Sullivan, a well-regarded comedy director out in the hinterlands of Hollywood
played by boy-next-door Joel McCrea, that long to figure out what he had
previously been doing was all for naught. A number of characters in the play
from his producer’s lawyer to his world-weary valet try to tell Sullivan that
the poor, the forgotten, the misbegotten, the fellahin of the world already
know they are up against it, that the cards are stacked against them, know that
short of a salutary revolution, an unlikely occurrence for a lot of reasons in
America, they don’t need to have their noses rubbed in that raw fact. Basically
save the social concern dramas for the art houses and the intellectuals who
hang there and leave the masses their moments of escape in a dark theater.
Here’s how Brother Sullivan learned
his lessons. Like I said John L. was sick unto death of comedy, wanted to do
something meaty, that social drama mentioned earlier about the plight of the
underclasses. Problem: John L. was clueless
about what made the working, and non-working poor, tick. How the scramble for necessities
wore them out, made them too tired to pursue the finer things in life.
Solution: John L. would hit the road, go among the brethren of the railroad “jungles,”
breathe the same fetid air as the fellahin. New Problem: the film company
knowing it has a valuable performer insisted on having him “chaperoned.” Not a
good way to learn about the hobo life, and he bemoaned his plight for a while.
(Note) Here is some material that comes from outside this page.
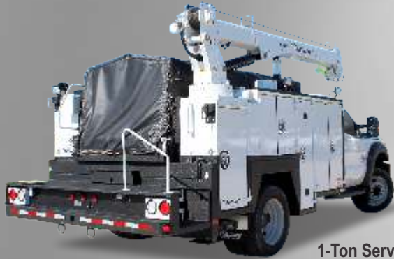
1-Ton Service Body with H6520 Crane

Maintainer service bodies are built to meet the most rugged on/off road conditions

Making that plight a little easier is
easy on the eyes was girl-next-door Veronica Lake as a girl (the Girl) he met
in a roadside diner who had busted flat in Hollywood and was heading back to Muncie, Lima, Buffalo or where she hailed from
before she got stardust in her eyes. She decided to go on the road with him,
for kicks, mainly, not knowing for a while that he that he was a famous director
on the bum. One thing after another lead this pair to some serious down and out
places, with plenty of poignant scenes of the life of the desperate poor,
before they abandon that scene for the wilds of Hollywood.
Except as a parting gesture John L. decided
he would go down to the “jungle” and pass out five dollar bills to the brethren.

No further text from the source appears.